Work request:
The required output is an exact copy of the lines from the one containing "[3635] (مَنْ ضَارَّ)" through the end of the entries below, with pictures removed.
▼
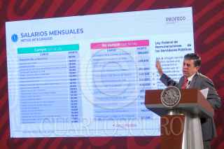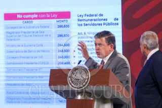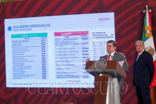 CIUDAD DE MÉXICO, 25JULIO2022.- Andrés Manuel López Obrador, Presidente de México, y Ricardo Sheffield Padilla, titular de Profeco, durante la mañanera en Palacio Nacional. En la cual se presentó el ¿Quién es quién?, en los salarios de funcionarios públicos, y se informó quien gana más que el Ejecutivo. FOTO: MOISÉS PABLO/CUARTOSCURO.COM
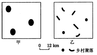 4、单选题 下图为“甲、乙两个地区的乡村聚落形态示意图”。读图回答1~2题。
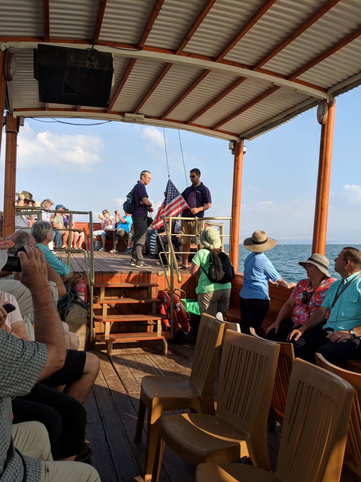 Today we rode a boat across the Sea of Galilee. I enjoyed this peaceful experience. I’ve been struggling with mental overload the last few days so I’m savoring every still moment I can get. We have these whisper devices that allow our tour guide to speak into a microphone and we can all listen through an earpiece. It’s very handy and keeps the guides from having to shout over each other in order to be heard at the different crowded sites. Handy though it may be, it’s made it hard for me to feel like I can have any of my own thoughts. But today on the boat, I turned my device off and just listened to the water. It was wonderful.
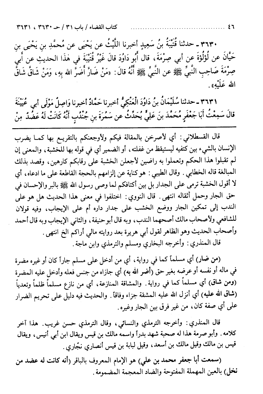 [3635] (مَنْ ضَارَّ) أَيْ مُسْلِمًا كَمَا فِي رِوَايَةٍ أَيْ مَنْ أَدْخَلَ عَلَى مُسْلِمٍ جَارًا كَانَ أَوْ غَيْرَهُ مَضَرَّةً فِي مَالِهِ أَوْ نَفْسِهِ أَوْ عِرْضِهِ بِغَيْرِ حَقٍّ (أَضَرَّ اللَّهُ بِهِ) أَيْ جَازَاهُ مِنْ جِنْسِ فِعْلِهِ وَأَدْخَلَ عَلَيْهِ الْمَضَرَّةَ (وَمَنْ شَاقَّ) أَيْ مُسْلِمًا كَمَا فِي رِوَايَةٍ
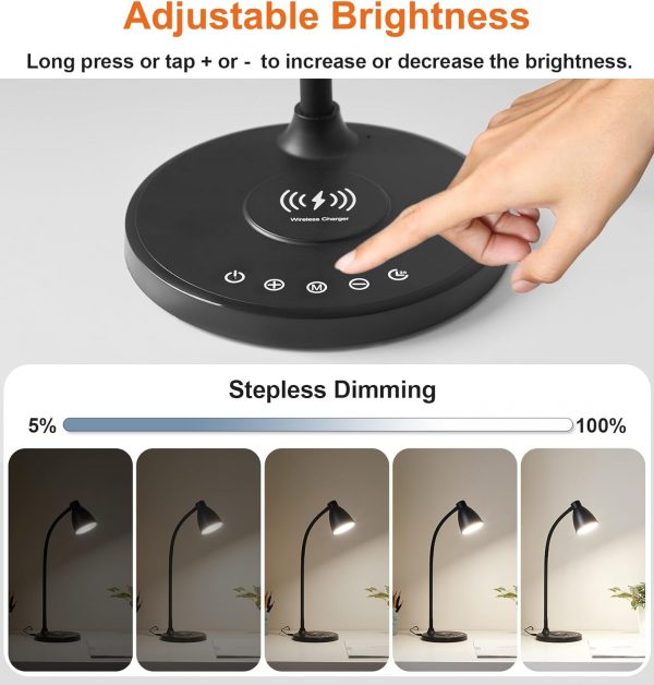 Product Name LED Desk Lamp Lamp Wattage Max 12W USB A/Type C Charging Output 5V/2A Wireless Charging Power 8 -12W LED Quantity 60 LEDs CRI 90+ Color Temperature 5 Color Modes (2700K-6000K) Dimming Stepless Dimming Power Adapter 12V I 2A Adapter INCLUDED Light Source LED bulbs (irreplaceable)
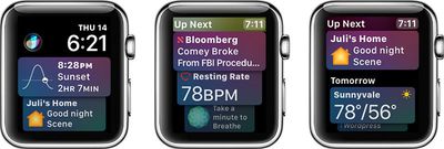 Предсказанные быстрые команды появляются прямо на циферблате Siri, позволяя выполнять такие задачи, как включение определенной сцены HomeKit, заказ кофе в любимом приложении, запись приема пищи во время ужина или начало прогулки.
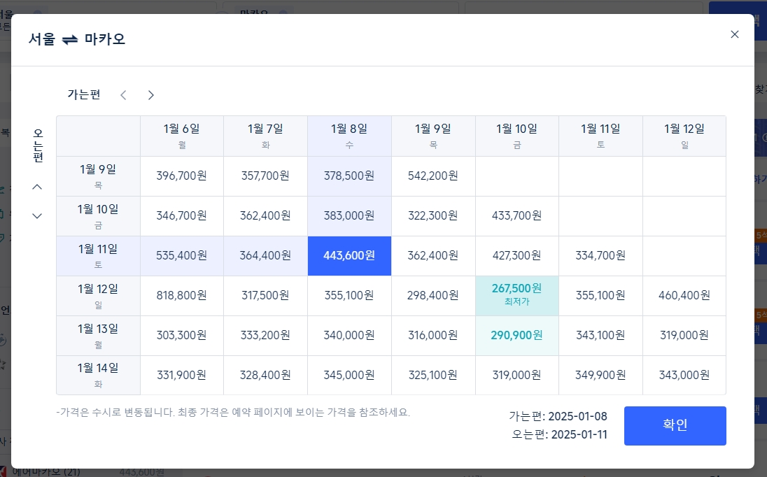 3. 캘린더를 통해 항공권 요금을 확인한 결과, 가는 날짜인 1월 8일의 최저가는 443,600원이었고, 오는 날짜인 1월 11일에도 동일한 가격이 표시되었습니다. 항공권 요금은 실시간으로 변동되며, 이 금액은 성인 기준입니다.
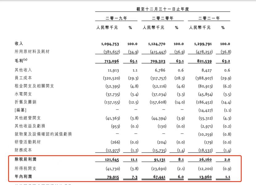 从餐饮成本三座大山(原材料、员工、租金)来看,捞王这三项样样皆重,2021年度原材料成本占比36.8%、员工29.9.%、租金14.4%。2019年度这三项成本合计占比76.7%,2020年占比升至79.2%,2021年度再升至81.1%。
▲
Solved exercise:
 [3635] (مَنْ ضَارَّ) أَيْ مُسْلِمًا كَمَا فِي رِوَايَةٍ أَيْ مَنْ أَدْخَلَ عَلَى مُسْلِمٍ جَارًا كَانَ أَوْ غَيْرَهُ مَضَرَّةً فِي مَالِهِ أَوْ نَفْسِهِ أَوْ عِرْضِهِ بِغَيْرِ حَقٍّ (أَضَرَّ اللَّهُ بِهِ) أَيْ جَازَاهُ مِنْ جِنْسِ فِعْلِهِ وَأَدْخَلَ عَلَيْهِ الْمَضَرَّةَ (وَمَنْ شَاقَّ) أَيْ مُسْلِمًا كَمَا فِي رِوَايَةٍ
 Product Name LED Desk Lamp Lamp Wattage Max 12W USB A/Type C Charging Output 5V/2A Wireless Charging Power 8 -12W LED Quantity 60 LEDs CRI 90+ Color Temperature 5 Color Modes (2700K-6000K) Dimming Stepless Dimming Power Adapter 12V I 2A Adapter INCLUDED Light Source LED bulbs (irreplaceable)
 Предсказанные быстрые команды появляются прямо на циферблате Siri, позволяя выполнять такие задачи, как включение определенной сцены HomeKit, заказ кофе в любимом приложении, запись приема пищи во время ужина или начало прогулки.
 3. 캘린더를 통해 항공권 요금을 확인한 결과, 가는 날짜인 1월 8일의 최저가는 443,600원이었고, 오는 날짜인 1월 11일에도 동일한 가격이 표시되었습니다. 항공권 요금은 실시간으로 변동되며, 이 금액은 성인 기준입니다.
 从餐饮成本三座大山(原材料、员工、租金)来看,捞王这三项样样皆重,2021年度原材料成本占比36.8%、员工29.9.%、租金14.4%。2019年度这三项成本合计占比76.7%,2020年占比升至79.2%,2021年度再升至81.1%。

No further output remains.